As more reports emerge about progress in the prisoner swap with Hamas that will lead to the release of Israeli captives in Gaza, questions about its viability grow. The importance of the return of Israeli captives (mostly women and children at this point) mustn’t be diminished, but Israel has entered the war announcing that what happened will not happen again. Such a deal could turn this commitment into meaningless words.
Israeli officials realize this deal is riddled with problems. However, there’s a tendency to accept it in order to give the Israeli public the images they desperately desire. The military and Shin Bet, however, believe this is a mistake, but after the failure on October 7, it’s much easier to cast doubt on their position. Even the knowledge about what position a majority of the media will take makes life a bit easier for Israeli politicians.
Meanwhile, the flaws of the emerging deal can be seen from the impossible way in which officials talk with the other side. On Thursday, it was revealed that Hamas’ politburo leader Yahya Sinwar hasn’t made contact with the Qatari intermediaries in the last few days, and claimed that as long as the IDF operates in the al-Shifa Hospital, he won’t hold negotiations with Israel. Therefore, no progress has been made during this time.
This detail could perhaps be seen as a tactical problem, but Sinwar, with his cunning and cruel character, is turning the deal into an attempt to press the exposed nerves of Israeli society. It began with changes in the number of Israeli captives to be released: initially, the number stood at 100, then it dropped to 80, and on Wednesday, it reached only 50.
In other words, there has already been a significant deviation from the initial versions of the agreements. In return, the IDF is supposed to pause its fighting in Gaza for five days, allowing Hamas enough time to catch their breath and regroup. As past experience has shown, a pause deep inside enemy territory doesn’t guarantee their safety there.
If that's not enough, Sinwar raised another audacious demand: the release of the captives will be done through the release of a few captives every day. In other words, Sinwar can release ten Israelis at will and stop if something does not meet his approval, knowing that the IDF won’t rush back into action, while the captives’ families and the Israeli public keep worrying for their safety. What’s more outlandish than the arrogant demand is that, for now, Israel is willing to accept it.
As long as there is no breakthrough in the deal, the IDF is moving forward, with Wednesday’s action in the al-Shifa Hospital focusing on uprooting Hamas’ control over the area. On one hand, it turned out the situation is not as dire as we were told over the past twenty years, and a careful, calculated action to achieve a significant psychological impact.
On the other hand, it must be said frankly: so far, no exceptional Hamas presence has been found in the hospital, and there’s also no evidence of an underground facility under the hospital that the terror organization uses.

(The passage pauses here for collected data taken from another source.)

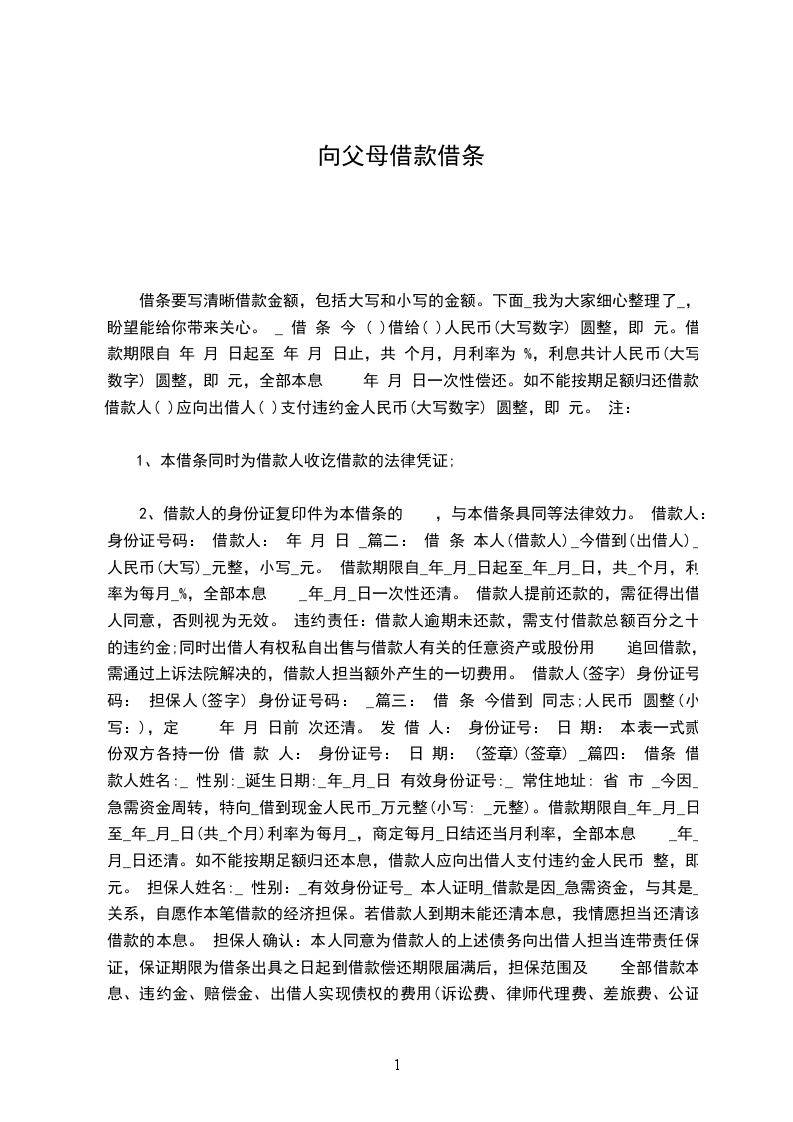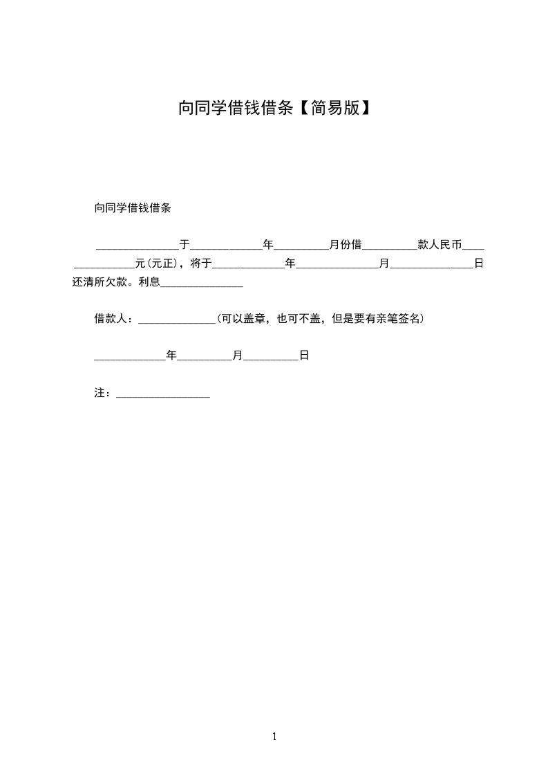 特向公司申请借条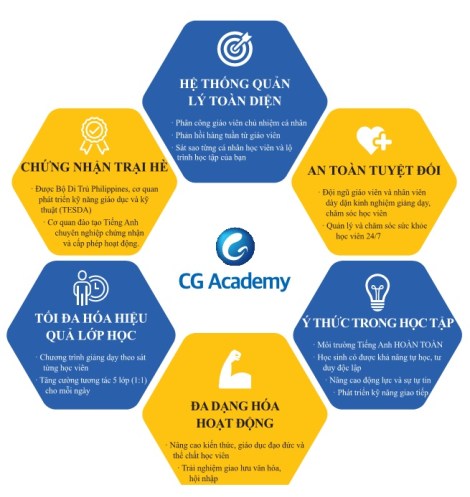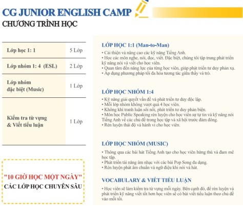 “Trại hè tiếng Anh trường CG, chương trình trại hè đào tạo chuyên sâu trong thời gian ngắn, quản lý nghiêm ngặt và an toàn. Với bề dày 14 năm kinh nghiệm chúng tôi tự tin chương trình trại hè này sẽ đem lại hiệu quả học tập tốt nhất cho học viên”.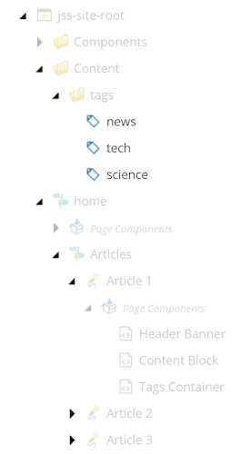 This site has a home page, an article listing page, and multiple article details pages. The article pages are tagged with arbitrary tags. To render the article details page, the following Sitecore items are needed.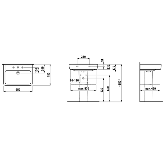 1) Раковина для ванной Laufen Pro А подвесная 65 см белый глянцевый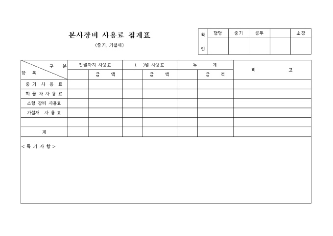 9,000원/월중기사용료,화물차사용료,소형 장비 사용료,가설재 사용료의 전월까지 사용료,월 사용료,누계를 기록하는 전기관련-본사장비사용료집계표(중기,가설재)입니다.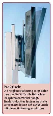 Mit einer bis 15° neigbarer Universalmontagehalterung für LCD- und Plasmamonitore.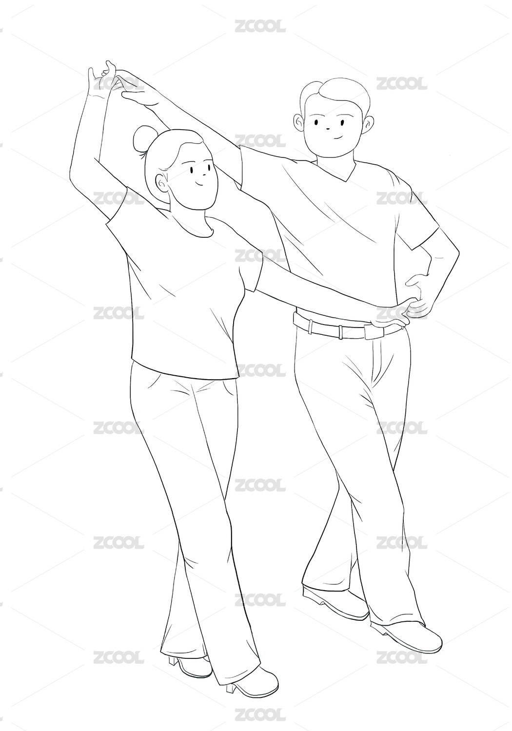 兩個跳交際舞廣場舞的中年男女插畫元素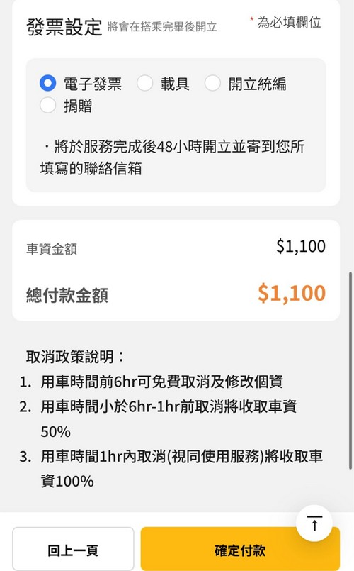 接著只要設定是要電子發票、載具、統編後就可以按確定付款了,不過也要提醒如果要取消或修改資料的話,它也有一些注意事項,記得要仔細看一下喔
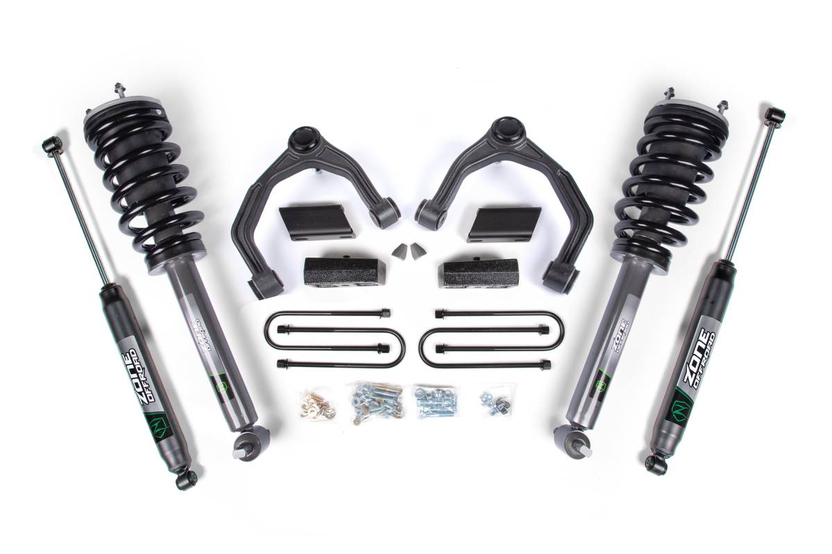 The Zone Offroad 3.5" Adventure Series lift kit goes beyond a standard leveling kit by incorporating Adventure Series upper control arms (UCAs) for improved off-road performance and increased suspension travel, with clearance for up to 35" tires. Front lift is achieved through a 2-piece combination top-mount and preload strut spacer design that delivers a full 3.5" of lift without overextending the suspension at full droop. Optional weld-in steering stops are included to support up to 35" tire fitment. The rear is lifted and leveled with a cast 2" lift block.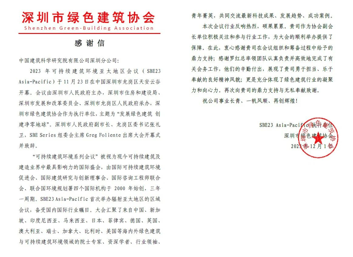 近期,深圳市綠色建筑協(xié)會向中國建研院深圳分公司發(fā)來感謝信,對中國建研院深圳分公司支持保障2023年可持續(xù)建筑環(huán)境亞太地區(qū)會議順利舉辦表示感謝。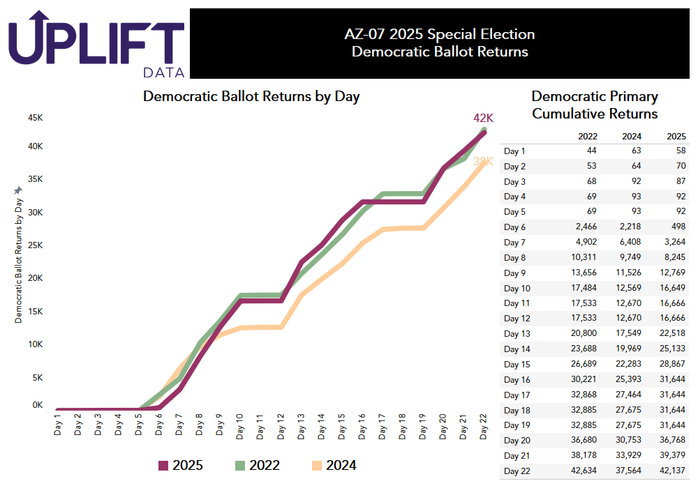 We worked closely with Sam Almy, the data guru at Uplift Campaigns, to do the math for the returned ballots in the CD7 special election — specifically Democratic ballots — up until last Thursday.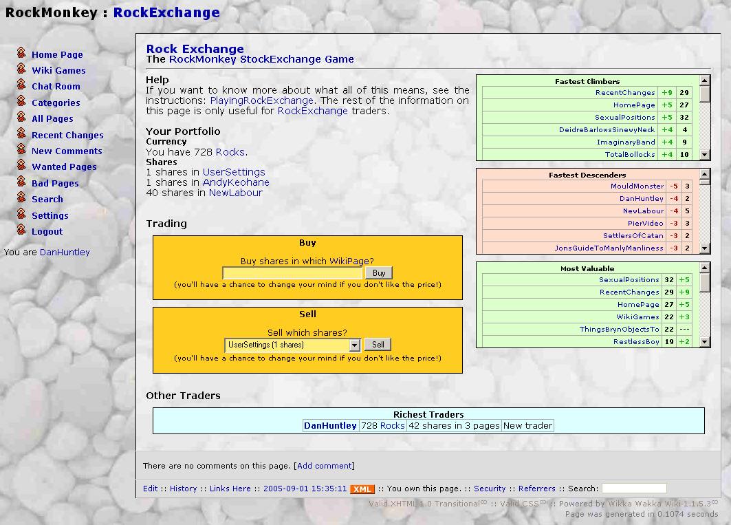 In Rock Exchange, players will be able to invest their hard-earned Rocks (a unit of currency) in shares in the various pages on the RockMonkey wiki. The value of these shares will fluctuate based on several characteristics, and players will have to play the odds in order to know when to buy and when to sell to gain a return on their investment. A page’s shares fluctuate based on:
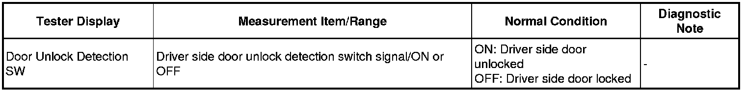 2. READ VALUE USING TECHSTREAM (DOOR UNLOCK DETECTION SWITCH)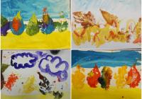 Воспитанники старшей группы детского сада №184 впервые попали на мастер-класс в Гуманитарный центр, но это лишь потому, что прежде были маленькими. А работа над композицией с осенними атрибутами для них - не первая, накануне они в группе с воспитателями создавали аппликацию с колосками и засушенными багровыми листьями. А в Гуманитарном центре на занятии под руководством Юлии Шипицыной детям предложили не тронутые осенью зелёные листочки, кисточки и разноцветную гуашь. Сначала рисовали ясное синее небо и усыпанную листьями траву, а потом накладывали мазки на свежий зелёный листок, он тоже был участником творческого процесса. «Поменьше воды – побольше краски!», - подбадривала ведущая. В итоге у малышей получился осенний пейзаж с «кружевной» рощей. «Я ещё забыла главное – нарисовать, как светит солнышко!» - спохватилась одна из маленьких художниц. И верно – осень-то за окном – золотая, солнечная!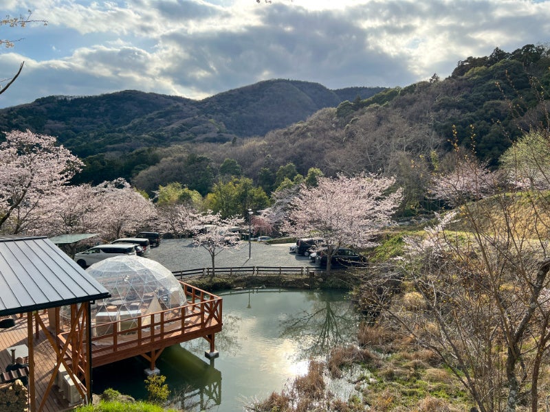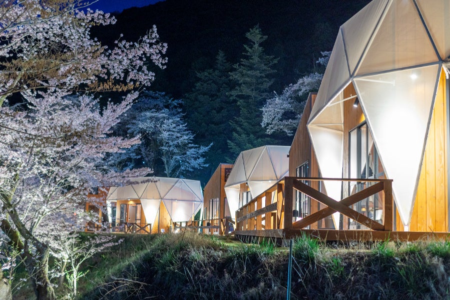 四季折々に表情をかえる木々に囲まれた大自然の中、都会の喧騒から離れ、心地よいそよ風を感じながら過ごす非日常を満喫するグランピング施設です。春の敷地内に咲き誇る60本もの桜と、深緑の緑に包まれ自然と一体となる春のアウトドア体験をお楽しみください。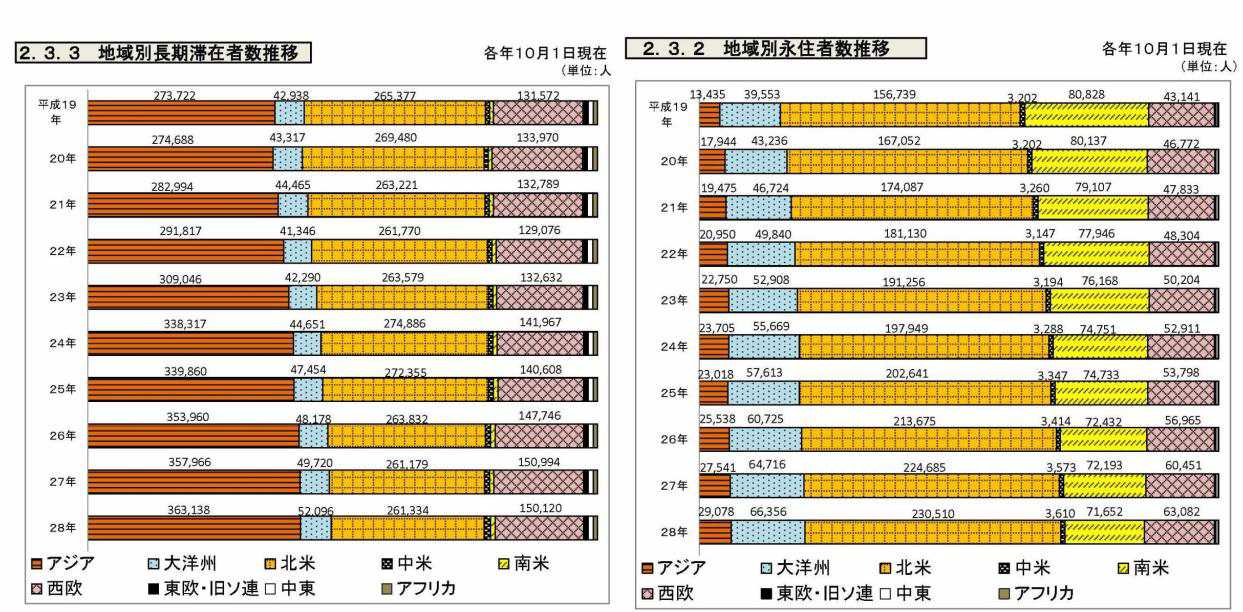 図が小さくて申し訳ないが(クリックしたら大きくなります)、これは各エリアの長期滞在と永住者数の変化を示したものです。わがオーストラリアは「大洋州」になるので、図の左から二番目の水玉模様です。左が長期滞在(企業・留学)、右が永住者です。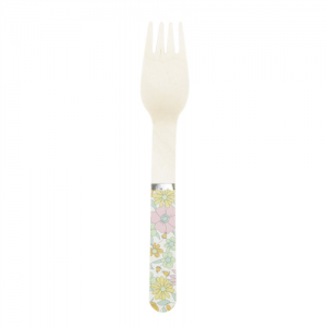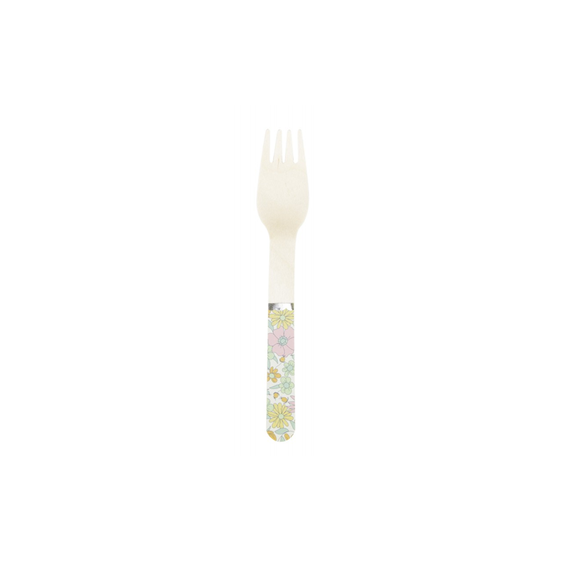 FOURCHETTE - Avec manche liberty/shabby avec feston or/doré/gold x 8 (en bois 15cm)

Given that the Americans provided strong backing for the operation in the hospital, the military should complete it. The IDF’s Shaldag unit that led the operation covered only 10% of the complex and encountered relatively minor resistance, showing that Hamas avoids battles when it’s not well-prepared and focuses on Gaza’s south, where forces have yet to reach.
One of the senior military officials who clarified this is IDF Southern Command Chief Maj. Gen. Yaron Finkelman, who entered the al-Shati refugee camp in Gaza with the troops on Wednesday, and announced the area was secured by the military.
"We will continue to move forward according to our operational plans," Maj. Gen Finkelman said, meaning two different things: the first is a southern advance, about which residents on the eastern side of the Khan Yunis district were informed via leaflets calling for their evacuation. The second is a systematic strike on Hamas’ underground network that will force the terrorists to come above ground, placing more pressure on Hamas’ forces hiding in the Strip’s south.
This, however, is at risk of halting if the proposed deal is accepted. Its supporters argue that there’s no real choice and that it’s morally right to release Israeli women and children immediately.
Its opponents argue that the IDF is now in an offensive momentum, Hamas is facing pressure, and Sinwar is the one pushing for a deal - therefore, it’s not right to stop now, but to continue and exert military pressure to achieve a more comprehensive deal.
Another important aspect is in play here: leaving Israelis, including soldiers, in captivity could cause a social divide in the country and arouse the anger of the families of captives and soldiers on the front line.
Military officials are well aware of who the families of soldiers and commanders are turned to, but this won’t prevent decision-makers from saying that any deal that’s reached, even if a partial one, as if it were a complete success.